Students encouraged to get creative with ubiquitous computing gadgetry...
The Open University has revamped its computing and ICT degree curriculum, in a move it hopes will make its computing graduates better suited to the needs of UK employers and inspire more students to study IT.
The OU, whose students study remotely rather than by attending a teaching campus, will offer two new undergraduate IT degrees starting in October: a BSc in computing and IT, and a BSc in computing and IT and a second subject, such as maths, stats, design, business or psychology.
The new computing degrees have an emphasis on vocational and work-based learning - allowing students to gain credits towards their degree for previous industry work experience or accreditation and internationally recognised vendor certification.
The OU will offer vendor modules including Cisco Networking (CCNA) and Microsoft server technologies, while a VMware module will be added next year. The university is hoping the addition of vendor accreditation will encourage more employers to pay for staff to study for the computing and ICT degree.
Launching the new curriculum, the OU's dean of mathematical computing and technology, professor Anne De Roeck, said the UK faces an IT skills shortage "operating at all levels".
Research by sector skills body e-skills UK shows 110,000 new IT jobs are created every year in the UK but Kevin Streater, executive director for IT and telecoms at the OU, said employers are struggling to find suitable candidates. "It's really important we have a computing degree that can fill this gap," he added.
Adding the option of a second subject is another way it is aiming to make the degrees more relevant to students and employers by enabling additional relevant business skills to be learned alongside the technical skills, he said.
De Roeck also higlighted the importance of business skills to IT graduates, describing IT as "increasingly acting as the glue that holds enterprise together".
While the number of students studying IT with the OU has remained relatively steady over the years, Streater said the university has some 25,000 students who have "paused" their IT studies. By revamping the curriculum, the university is therefore hoping to encourage more students to complete a full IT degree.

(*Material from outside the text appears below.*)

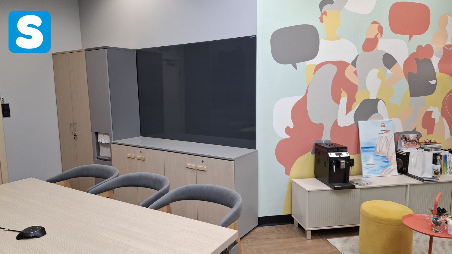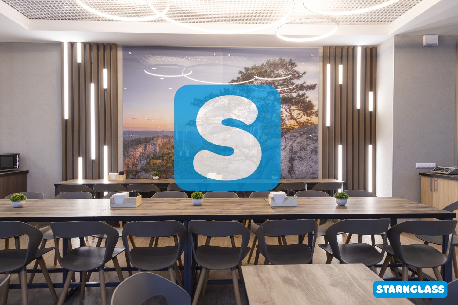 Стеклянные вставки с интерьерной печатью кафе Марьяж

This year IT students make up 10 per cent of the university's student intake with some 263,000 studying the subject. "This is a really key area, so we've got to make sure we get this right," Streater said.
Students on the OU's new ICT degree will be sent this ubiquitous computing device and asked to program itPhoto: Natasha Lomas/silicon.com
The UK has to get students excited about studying technology, he told silicon.com, at the same time as making sure degrees are turning out the kind of graduates the industry needs. "Employability of graduates is the new metric," he said.

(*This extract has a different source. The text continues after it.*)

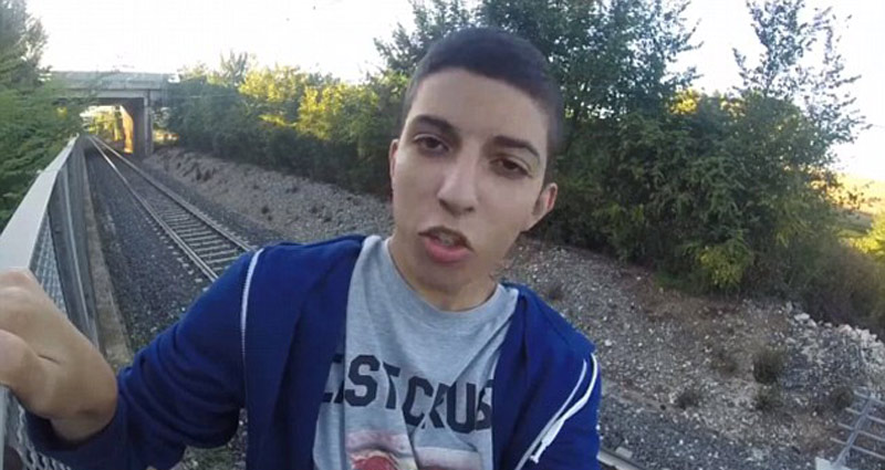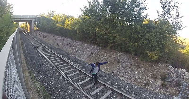 当时,一列火车正从远处呼啸而来,男孩躺在铁轨上,现场录像清晰地记录下了火车即将从他身上碾过的一刹那。之后,男孩毫发无损站起身来,对着火车驶去的方向挥舞双臂,庆祝自己的“胜利”。

When it comes to getting students excited about the potential of technology, the university has a trick up its sleeve - or rather a box of tricks. All computing and ICT students will be sent a box containing a ubiquitous computing device along with a variety of plug-in sensors.

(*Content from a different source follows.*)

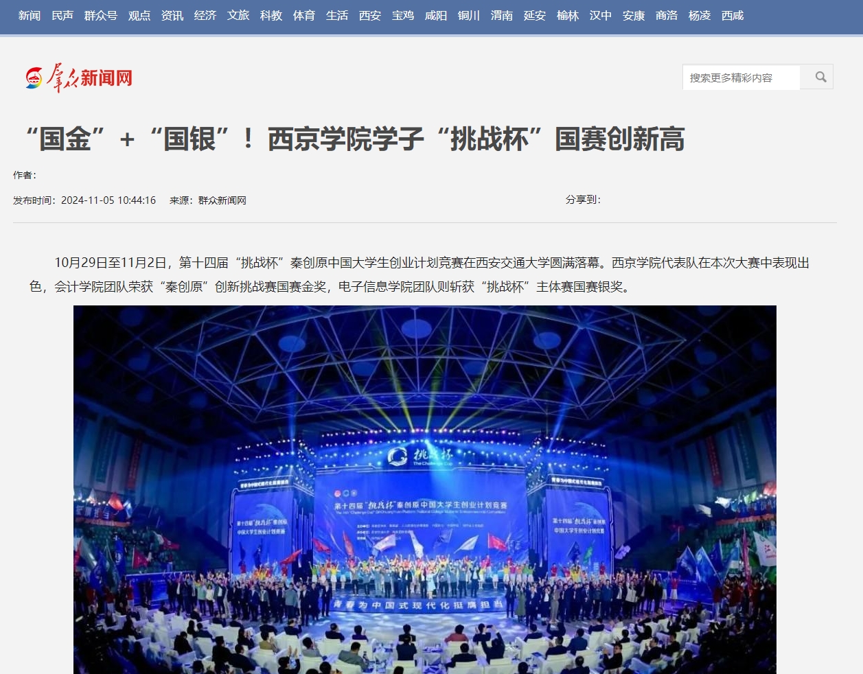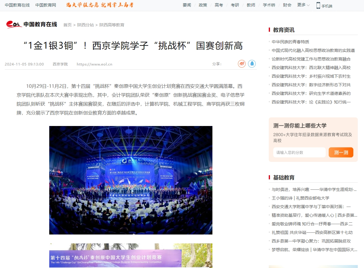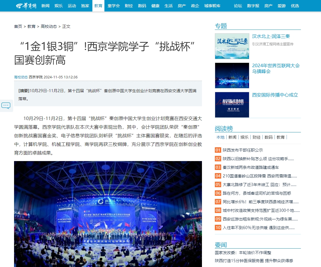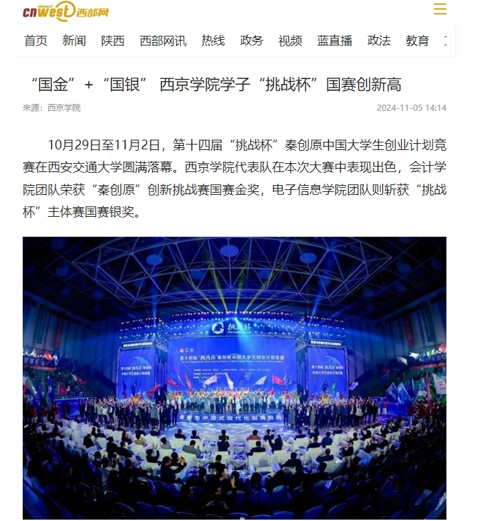 10月29日-11月2日,第十四届“挑战杯”秦创原中国大学生创业计划竞赛在西安交通大学圆满落幕。西京学院代表队在本次大赛中表现出色,其中,会计学院团队荣获“秦创原”创新挑战赛国赛金奖、电子信息学院团队则斩获“挑战杯”主体赛国赛银奖,在随后的评选中,计算机学院、机械工程学院、商学院再获三枚铜牌,充分展示了西京学院在创新创业教育方面的卓越成果。

The SenseBoard device, pictured above, plugs into a computer via USB and can then be programmed by using a drag-and-drop programming language called Sense, based on MIT's Scratch.
"Although [Scratch] was invented for children the idea is it gets past the barriers of syntax, strange commands, and it makes it easy to start building programs - you're not confronted with a blank piece of paper," according to Mike Richards, one of the two team chairs for the My Digital Life course module, the first component of the computing and ICT degree.
"Many of the students will never have touched a computer in any creative way at all and we're going to be getting them to programme internet-ready applications in a couple of weeks," he said.